(Data for the task)

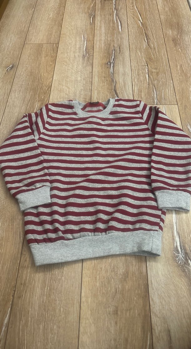 Uzun kollu, bisiklet yaka ve bol kesim çocuk sweatshirtü. Gri renkli, çizgili ve yumuşak dokulu örme kumaştan yapılmıştır.
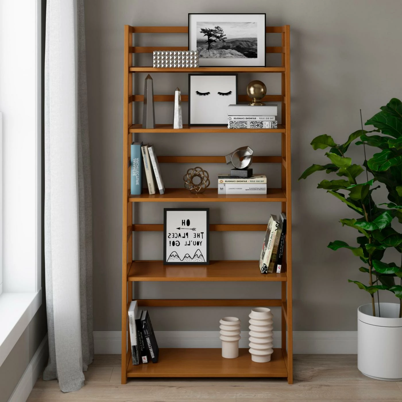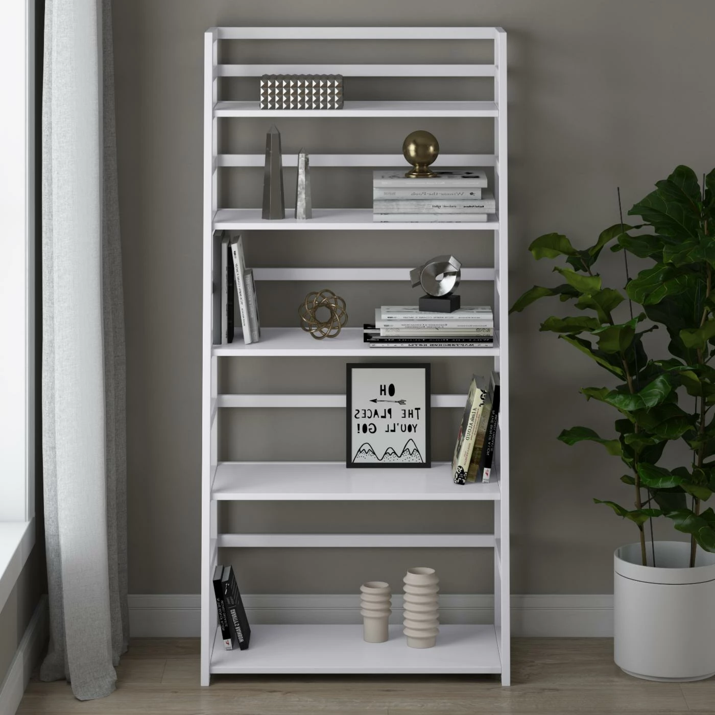 Create a light and contemporary feel to your home with the Brooklyn & Max Brunswick Contemporary Ladder Bookcase. This unit is easy to assemble and is made of pine wood. With its four shelves, this ladder shelf is designed to have flexible storage for books, curios, accessories, sculptures or decorative accents. Buy one or more depending on what you need to store and the space you have. The bookshelf is ideal for living rooms, offices, bedrooms, hallways and family rooms.
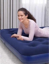 Wytrzymały materiał winylowy (PVC) znosi częste użytkowanie, a praktyczne zawory do szybkiego pompowania i spuszczania powietrza z blokadą oszczędzają czas przy rozkładaniu i pakowaniu. Wymiar 203 × 183 × 22 cm wygodnie mieści dwie osoby, dzięki czemu idealnie sprawdzi się w salonie i w namiocie.
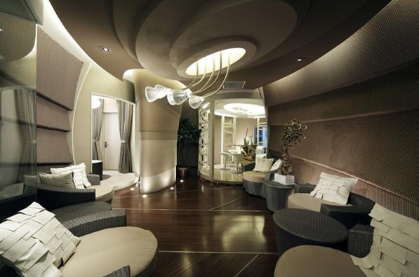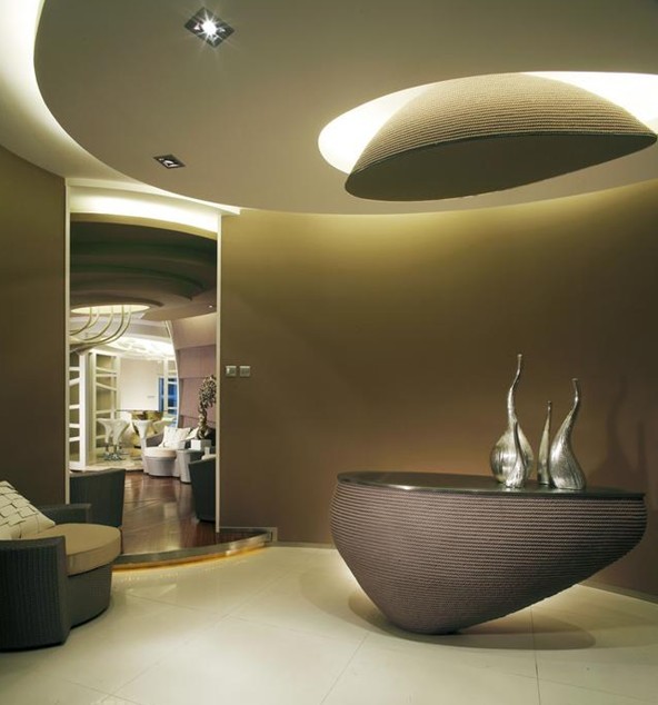 在本案的設(shè)計(jì)中“繭”是整個(gè)方案的主題關(guān)鍵詞,從字面意思來(lái)看繭給人的感覺(jué)就是層層包裹。私人會(huì)所設(shè)計(jì)公司從具象與意象出發(fā),大量運(yùn)用圓形和橢圓形的幾何元素來(lái)充斥“繭”空間,同時(shí),對(duì)“合圍”、“纏繞”這兩個(gè)造型元素的表達(dá)也不是一成不變,它可以是簡(jiǎn)單的圓形墻,也可以是由鏤空的大斜紋網(wǎng)狀圍欄來(lái)體現(xiàn),也可以是由層層鋪排的弧形飾面板組合而成。
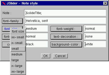 JSlider is a powerfull tool written in Java (v.1.1) that generates HTML slides with your personnal presentations style. The initial version was made by Stephan Montigaud for the W3C. It uses standard style sheets that you can overload with your own. It automatically adds a table of contents, navigation buttons to cycle through different slides and other cool stuffs.
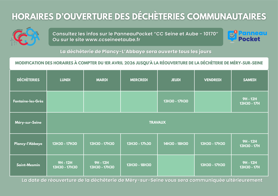 Voici les horaires des déchetteries durant la fermeture de la déchetterie de Méry-sur-Seine pour travaux jusqu'à nouvel ordre.
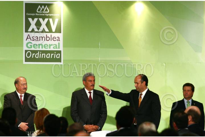MÉXICO, D.F., 29JULIO2008.- Juan Carlos Cortes García, presidente entrante del Consejo Nacional Agropecuario, durante su toma de protesta en la Vigésima Quinta Asamblea General Ordinaria de dicho organismo. FOTO: ISAAC ESQUIVEL/CUARTOSCURO.COM
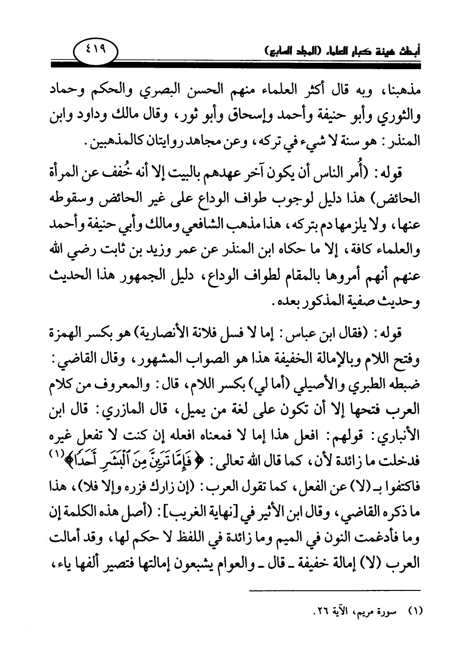قوله: (فقال ابن عباس: إما لا فسل فلانة الأنصارية) هو بكسر الهمزة وفتح اللام وبالإمالة الخفيفة هذا هو الصواب المشهور، وقال القاضي: ضبطه الطبري والأصيلي (أما لي) بكسر اللام، قال: والمعروف من كلام العرب فتحها إلا أن تكون على لغة من يميل، قال المازري: قال ابن الأنباري: قولهم: افعل هذا إما لا فمعناه افعله إن كنت لا تفعل غيره فدخلت ما زائدة لأن، كما قال الله تعالى: {فَإِمَّا تَرَيِنَّ مِنَ الْبَشَرِ أَحَدًا} (¬2) فاكتفوا بـ (لا) عن الفعل، كما تقول العرب: (إن زارك فزره وإلا فلا) ، هذا ما ذكره القاضي، وقال ابن الأثير في [نهاية الغريب] : (أصل هذه الكلمة إن وما فأدغمت النون في الميم وما زائدة في اللفظ لا حكم لها، وقد أمالت العرب (لا) إمالة خفيفة - قال - والعوام يشبعون إمالتها فتصير ألفها ياء،
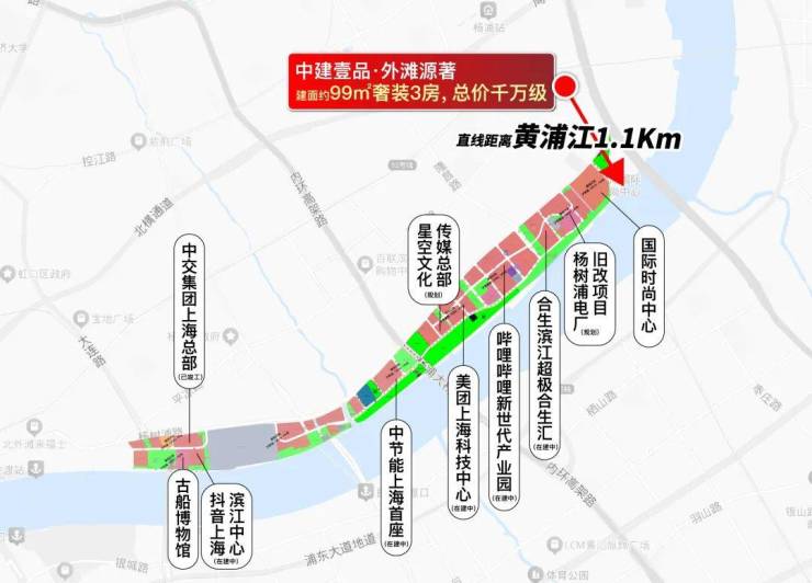 「中建壹品·外滩源著」售楼处电话:400-8855-420【☎️售楼处认证】✨✨✨项目与黄浦江直线距离约1.1公里,项目与国际时尚中心直线距离不到1公里,与超极合生汇(在建)直线距离约1.2公里,可谓是近水楼台。
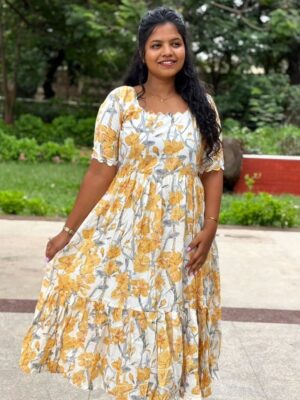 A vibrant yellow floral print on a fresh white base – perfect for brunch dates, casual outings, or festive days!
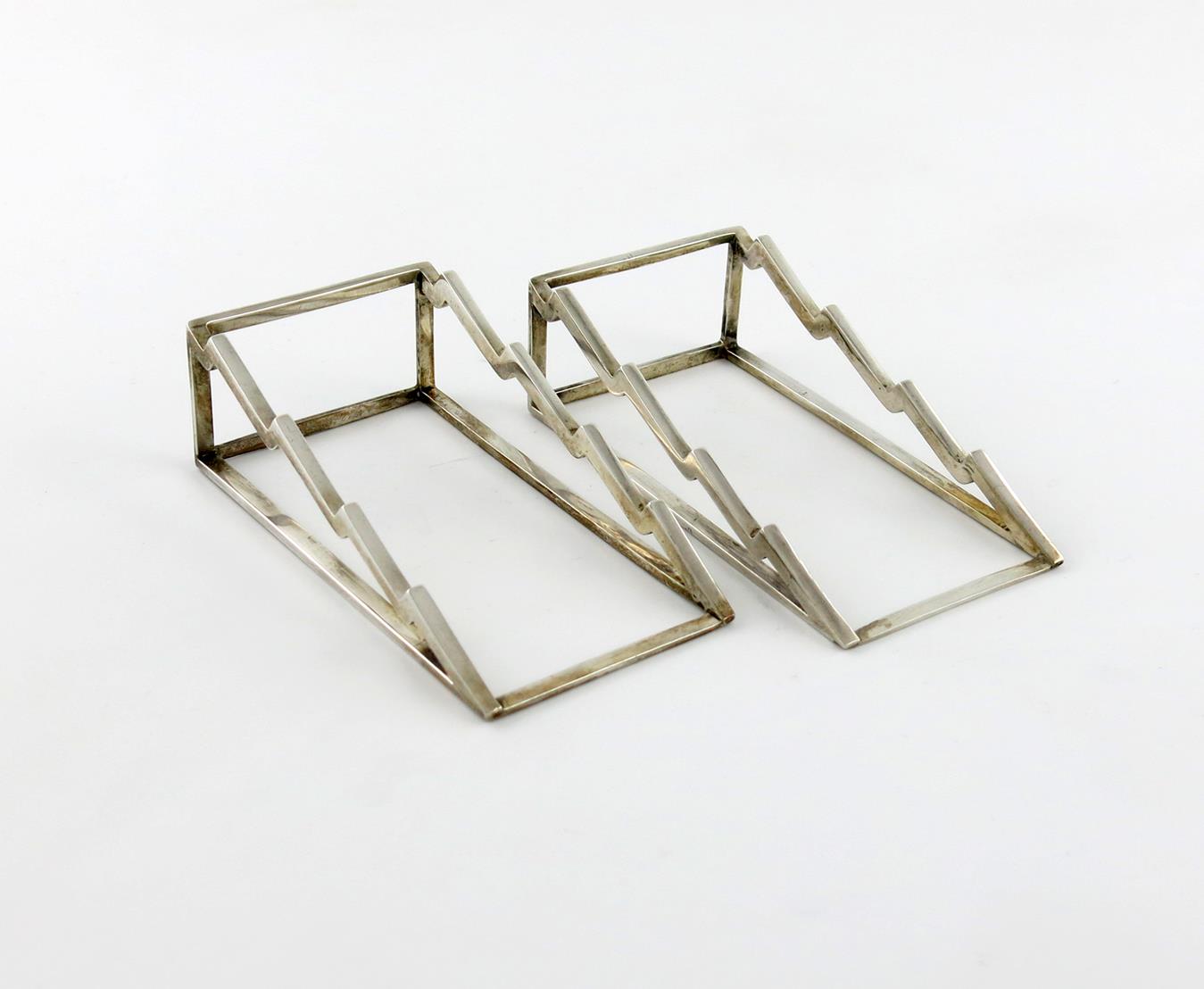 rectangular form, zig-zag border, the bases inscribed, 'For the second best pen of South Down Shearling Ewes shewn at Swafham, in July 1804', length 11cm, approx. weight 4.9oz. (2)
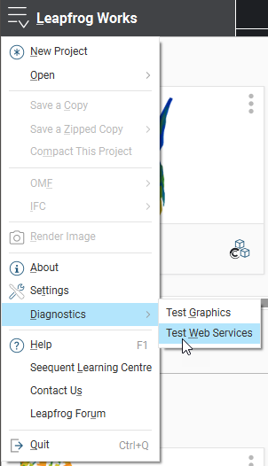 You can run a series of tests to check that your computer can connect to Seequent’s web services. To do this, either click the Test Web Services button in the Settings > Network window or click on the Leapfrog Works menu and select Diagnostics > Test Web Services:
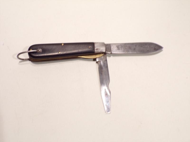 A Camillus double blade folding pocketknife with black Bakelite scales. In good order with signs of age and use. 6.5 inches open, 3.75 inches closed.
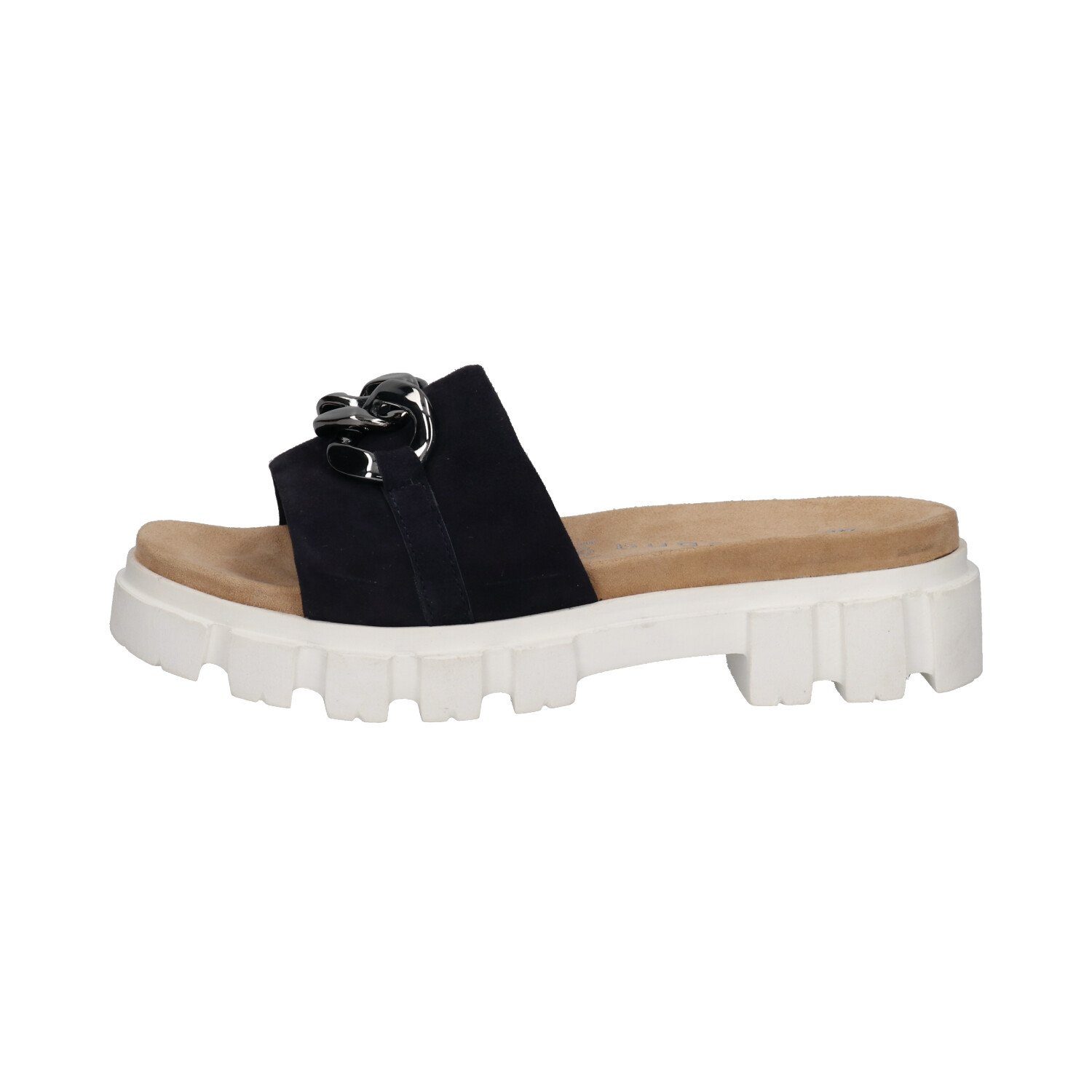 Die schicke Damen Pantolette RYLIE von bugatti, zeigt sich mit stark profilierter Plateaulaufsohle. Auch das Obermaterial, das mit kleinen Straßsteinchen besetzt ist, zieht alle Blicke auf sich. Die weich gepolsterte Innensohle aus Textil mit Soft-Fit-Einlage:eine anpassungsfähige und weiche Hightech-Einlage aus Memory Foam, sorgt für ein butterweiches Trage- und Laufgefühl. Der Damenschuh wurde in der Weite F1/2 gearbeitet. Ein Eycatcher ist die zweifarbige Laufsohle mit Glitzer-Umrandung und einer Plateauhöhe von ca. 3,0 cm. Der Schuh ist federleicht, dank Genil-Light-Laufsohle.
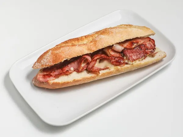 Bocata de 5 lonchas de bacon con queso.
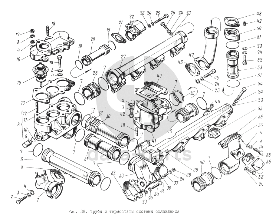 Трубы и термостаты системы охлаждения ЯМЗ-8421.10
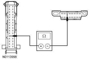 NOTE: Failure to disconnect the battery when instructed will result in false resistance readings. Refer to Battery, Mounting and Cables Battery Disconnect / Connect.
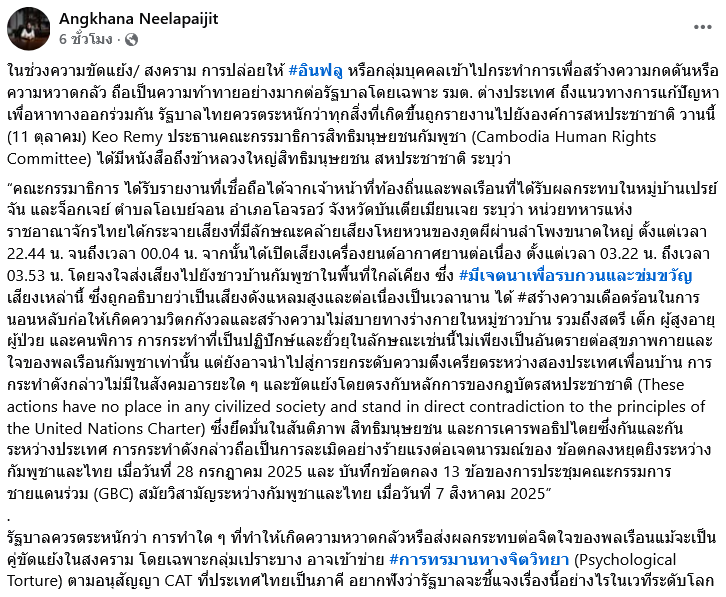 รัฐบาลไทยควรตระหนักว่าทุกสิ่งที่เกิดขึ้น ถูกรายงานไปยังองค์การสหประชาชาติ วานนี้ (11 ตุลาคม) Keo Remy ประธานคณะกรรมาธิการสิทธิมนุษยชนกัมพูชา (Cambodia Human Rights Committee) ได้มีหนังสือถึงข้าหลวงใหญ่สิทธิมนุษยชน สหประชาชาติ ระบุว่า คณะกรรมาธิการ ได้รับรายงานที่เชื่อถือได้จากเจ้าหน้าที่ท้องถิ่นและพลเรือนที่ได้รับผลกระทบในหมู่บ้านเปรย์จัน และจ็อกเจย์ ตำบลโอเบย์จอน อำเภอโอจรอว์ จังหวัดบันเตียเมียนเจย ระบุว่า หน่วยทหารแห่งราชอาณาจักรไทยได้กระจายเสียงที่มีลักษณะคล้ายเสียงโหยหวนของภูตผีผ่านลำโพงขนาดใหญ่ ตั้งแต่เวลา 22.44 น. จนถึงเวลา 00.04 น.
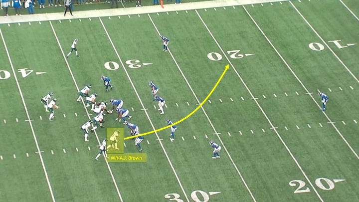 Initially, it looked like the Eagles had another deep-over route called from a tight-slot position, this time with A.J. Brown running it:

(End Data for the task)

## The task
While skipping the pictures, transcribe the data above from the line showing "在本案的設(shè)計(jì" through the line showing "MÉXICO, D.F., 29JULIO2008.- Juan", exactly and with both ends.

## Answer to this task
 在本案的設(shè)計(jì)中“繭”是整個(gè)方案的主題關(guān)鍵詞,從字面意思來(lái)看繭給人的感覺(jué)就是層層包裹。私人會(huì)所設(shè)計(jì)公司從具象與意象出發(fā),大量運(yùn)用圓形和橢圓形的幾何元素來(lái)充斥“繭”空間,同時(shí),對(duì)“合圍”、“纏繞”這兩個(gè)造型元素的表達(dá)也不是一成不變,它可以是簡(jiǎn)單的圓形墻,也可以是由鏤空的大斜紋網(wǎng)狀圍欄來(lái)體現(xiàn),也可以是由層層鋪排的弧形飾面板組合而成。
 JSlider is a powerfull tool written in Java (v.1.1) that generates HTML slides with your personnal presentations style. The initial version was made by Stephan Montigaud for the W3C. It uses standard style sheets that you can overload with your own. It automatically adds a table of contents, navigation buttons to cycle through different slides and other cool stuffs.
 Voici les horaires des déchetteries durant la fermeture de la déchetterie de Méry-sur-Seine pour travaux jusqu'à nouvel ordre.
MÉXICO, D.F., 29JULIO2008.- Juan Carlos Cortes García, presidente entrante del Consejo Nacional Agropecuario, durante su toma de protesta en la Vigésima Quinta Asamblea General Ordinaria de dicho organismo. FOTO: ISAAC ESQUIVEL/CUARTOSCURO.COM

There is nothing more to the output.